Data to examine =

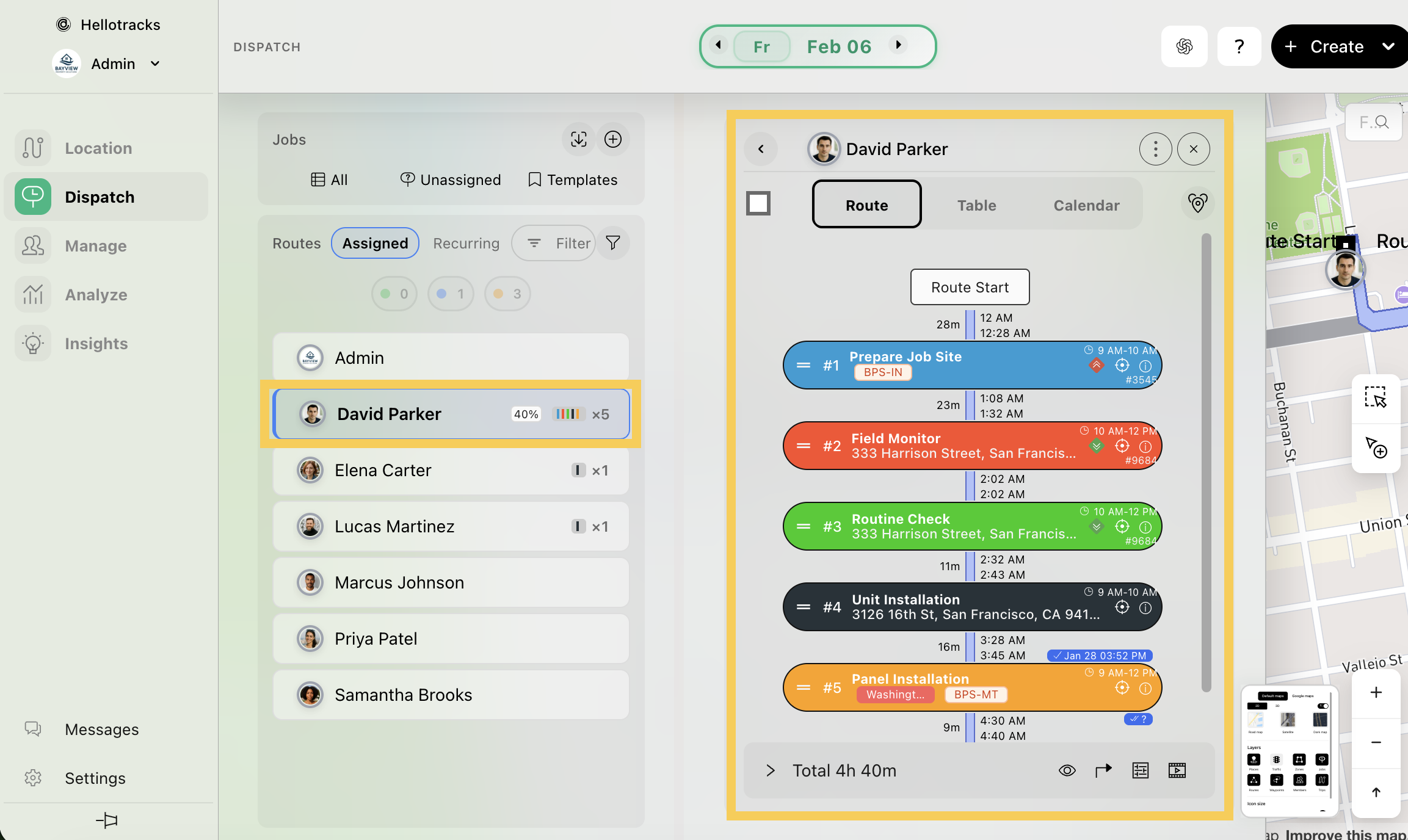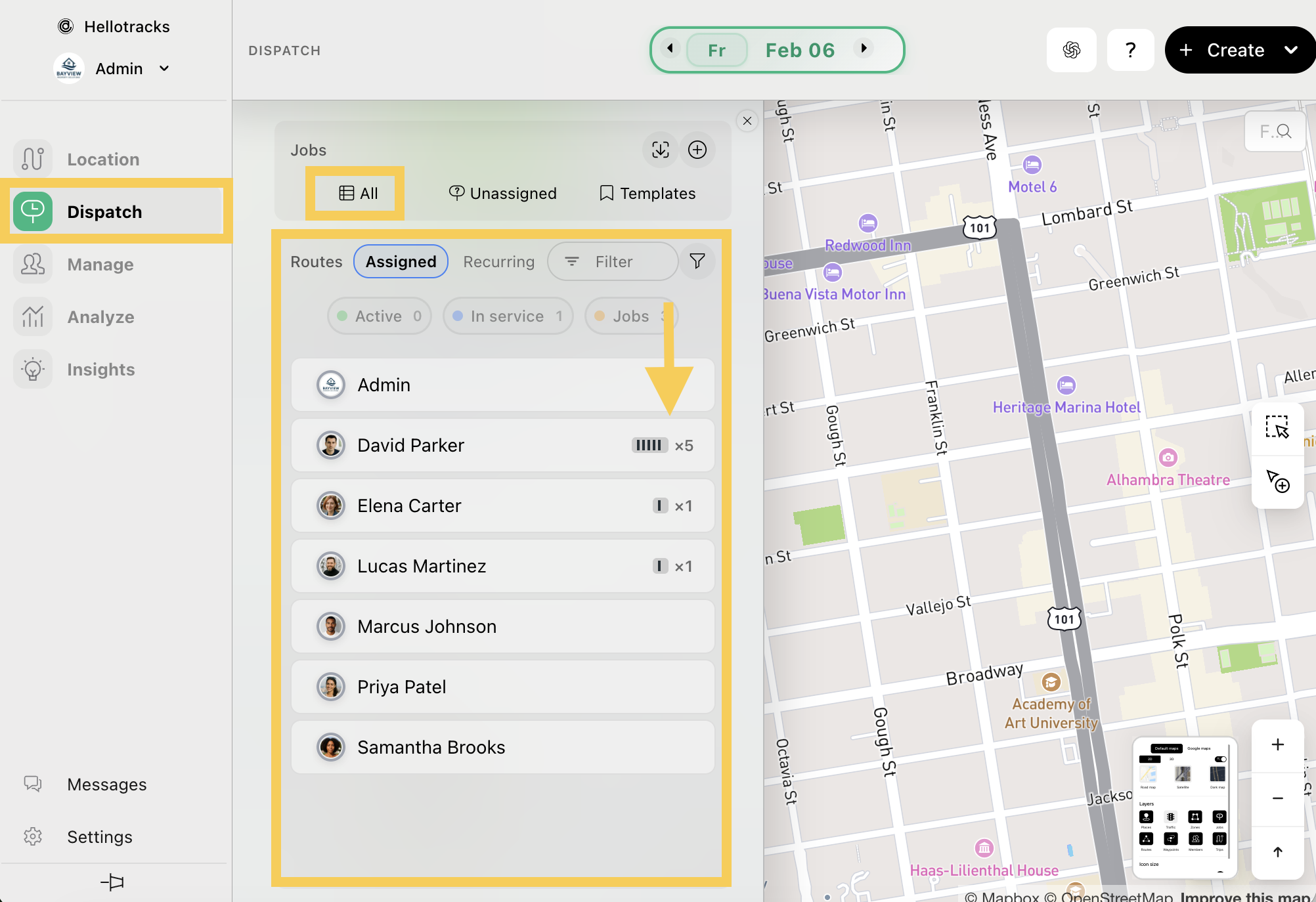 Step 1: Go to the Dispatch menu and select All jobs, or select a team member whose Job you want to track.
* * *
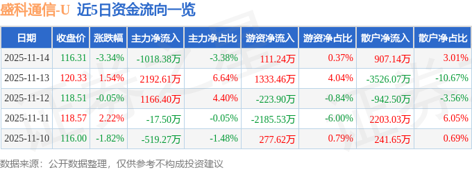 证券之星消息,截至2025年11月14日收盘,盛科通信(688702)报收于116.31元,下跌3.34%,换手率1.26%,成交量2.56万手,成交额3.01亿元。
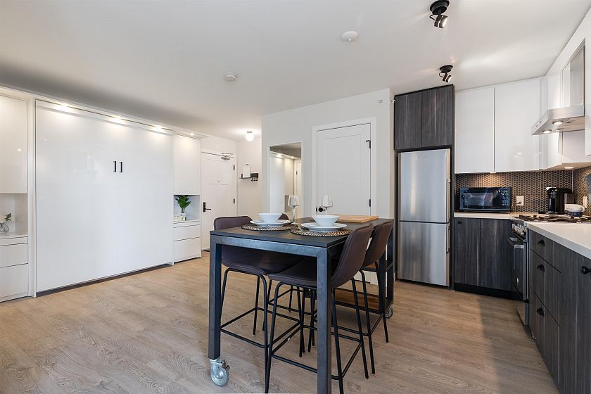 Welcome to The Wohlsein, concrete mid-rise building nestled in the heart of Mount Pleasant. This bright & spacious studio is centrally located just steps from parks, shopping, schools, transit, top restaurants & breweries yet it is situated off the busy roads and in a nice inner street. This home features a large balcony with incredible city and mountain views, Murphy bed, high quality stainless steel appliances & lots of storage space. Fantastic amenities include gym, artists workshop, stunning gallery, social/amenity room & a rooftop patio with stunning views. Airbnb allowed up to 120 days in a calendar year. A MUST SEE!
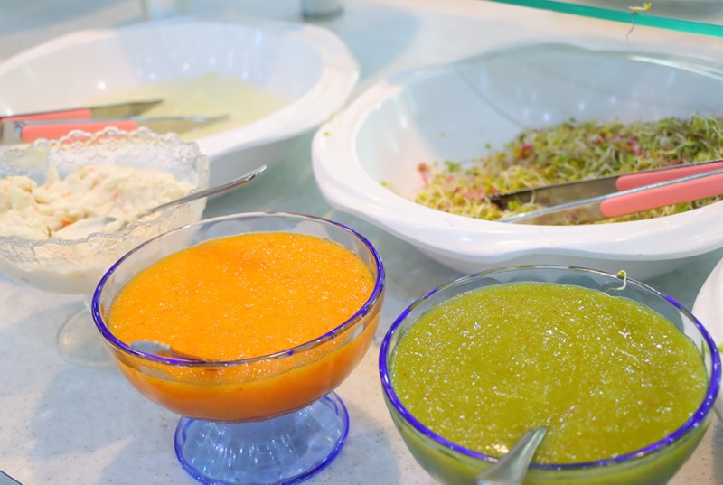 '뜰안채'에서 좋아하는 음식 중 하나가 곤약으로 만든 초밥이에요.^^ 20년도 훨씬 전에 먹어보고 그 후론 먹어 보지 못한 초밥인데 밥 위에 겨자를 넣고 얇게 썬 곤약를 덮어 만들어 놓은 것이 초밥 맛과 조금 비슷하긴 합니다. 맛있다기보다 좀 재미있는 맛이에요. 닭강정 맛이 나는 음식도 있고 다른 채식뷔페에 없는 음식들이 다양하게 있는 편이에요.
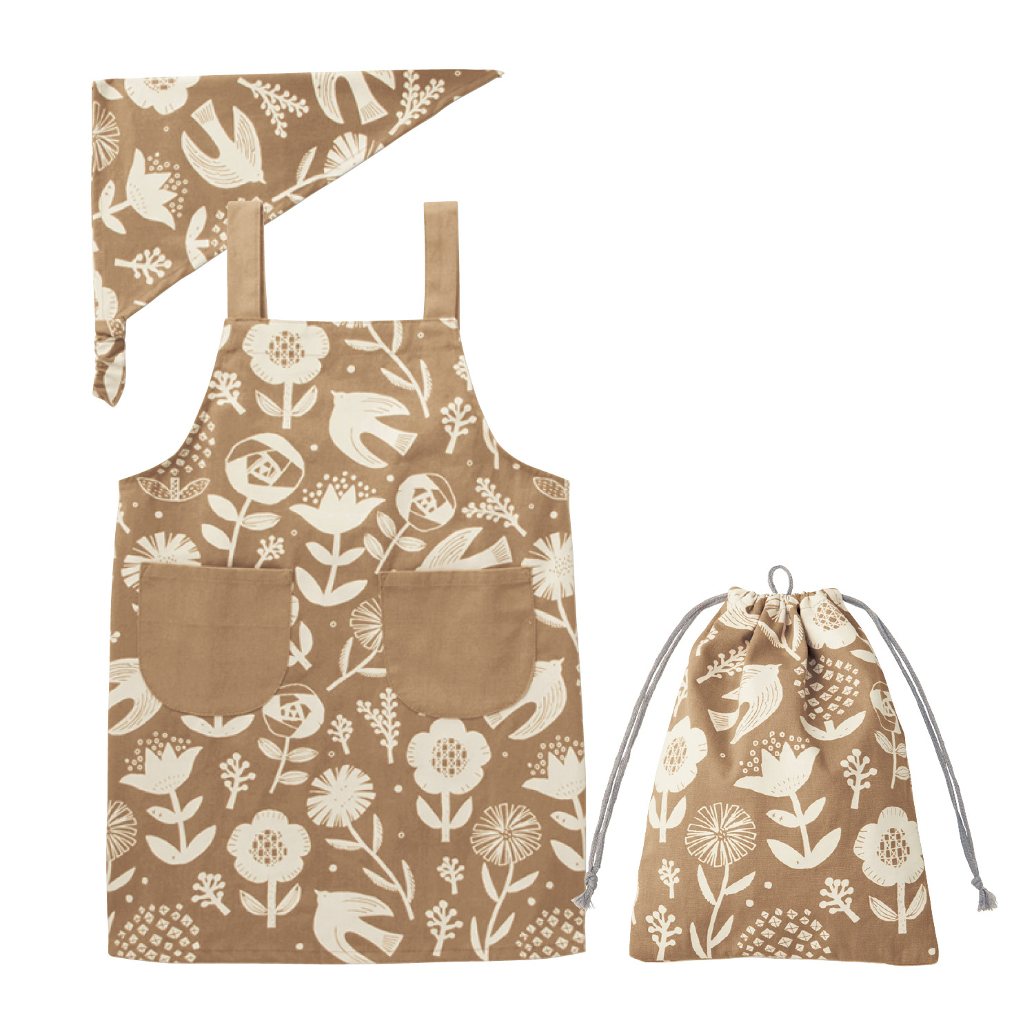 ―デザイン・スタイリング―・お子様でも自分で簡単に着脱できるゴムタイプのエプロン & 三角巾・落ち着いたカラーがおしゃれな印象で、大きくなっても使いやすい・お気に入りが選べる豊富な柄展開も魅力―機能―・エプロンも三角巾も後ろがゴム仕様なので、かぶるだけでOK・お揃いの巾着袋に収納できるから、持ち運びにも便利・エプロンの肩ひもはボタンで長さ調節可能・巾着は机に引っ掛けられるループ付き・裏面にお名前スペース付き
--
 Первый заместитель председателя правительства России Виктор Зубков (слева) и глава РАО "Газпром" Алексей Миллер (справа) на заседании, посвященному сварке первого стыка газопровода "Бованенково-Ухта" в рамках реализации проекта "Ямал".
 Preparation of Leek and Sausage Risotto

Task = Reproduce the entries above exactly, but only the lines between the line holding "Первый заместитель председателя" and the line holding "Preparation of Leek and Sausage Risotto", inclusive.

Answer section =
 Первый заместитель председателя правительства России Виктор Зубков (слева) и глава РАО "Газпром" Алексей Миллер (справа) на заседании, посвященному сварке первого стыка газопровода "Бованенково-Ухта" в рамках реализации проекта "Ямал".
 Preparation of Leek and Sausage Risotto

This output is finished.